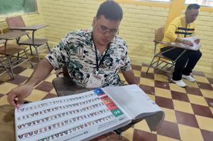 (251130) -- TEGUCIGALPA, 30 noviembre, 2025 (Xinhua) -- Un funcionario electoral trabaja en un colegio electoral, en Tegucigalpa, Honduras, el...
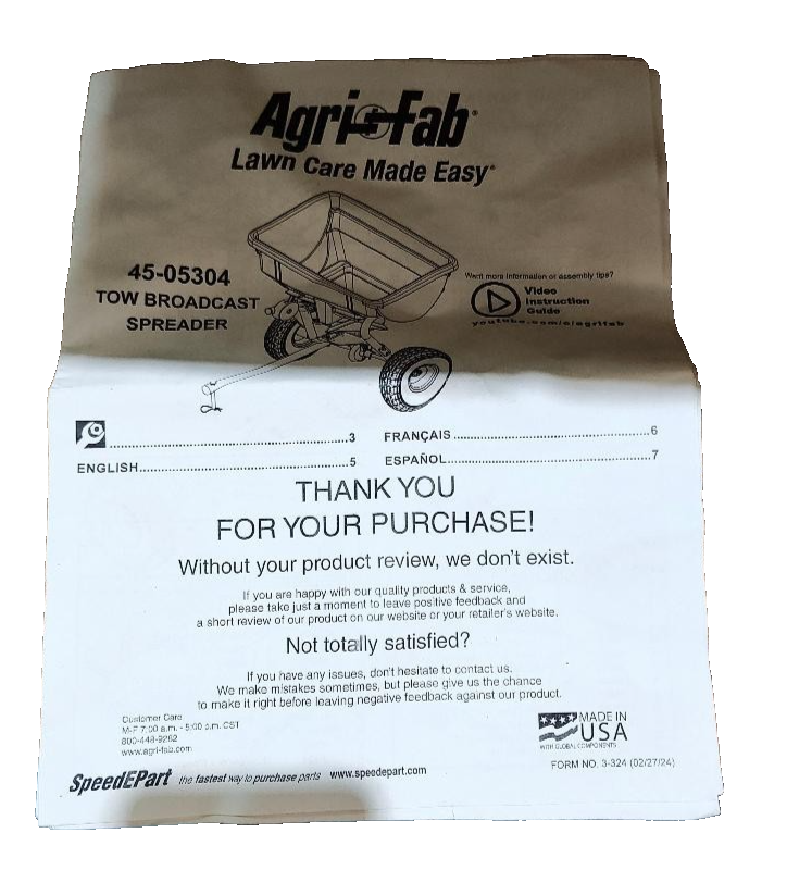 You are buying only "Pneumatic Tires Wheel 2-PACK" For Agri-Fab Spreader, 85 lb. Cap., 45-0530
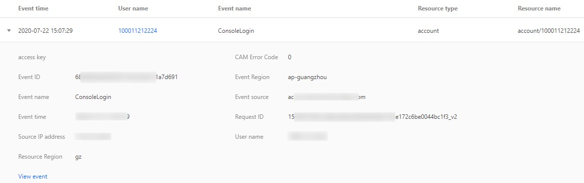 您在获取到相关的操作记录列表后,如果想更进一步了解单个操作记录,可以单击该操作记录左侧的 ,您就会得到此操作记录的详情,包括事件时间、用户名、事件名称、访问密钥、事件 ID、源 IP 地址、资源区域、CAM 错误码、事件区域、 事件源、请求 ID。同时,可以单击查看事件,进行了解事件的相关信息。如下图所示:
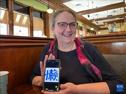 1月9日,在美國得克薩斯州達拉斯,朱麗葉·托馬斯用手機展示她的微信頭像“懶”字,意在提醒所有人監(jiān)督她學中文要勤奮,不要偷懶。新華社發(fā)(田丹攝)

* * *

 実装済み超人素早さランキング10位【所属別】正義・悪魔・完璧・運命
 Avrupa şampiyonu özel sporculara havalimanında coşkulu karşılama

## TASK STATEMENT
What are the lines in the records above, word for word, from the one containing "(251130) -- TEGUCIGALPA, 30" through the one containing "You are buying", both ends included and pictures left out?

## RESPONSE AREA
 (251130) -- TEGUCIGALPA, 30 noviembre, 2025 (Xinhua) -- Un funcionario electoral trabaja en un colegio electoral, en Tegucigalpa, Honduras, el...
 You are buying only "Pneumatic Tires Wheel 2-PACK" For Agri-Fab Spreader, 85 lb. Cap., 45-0530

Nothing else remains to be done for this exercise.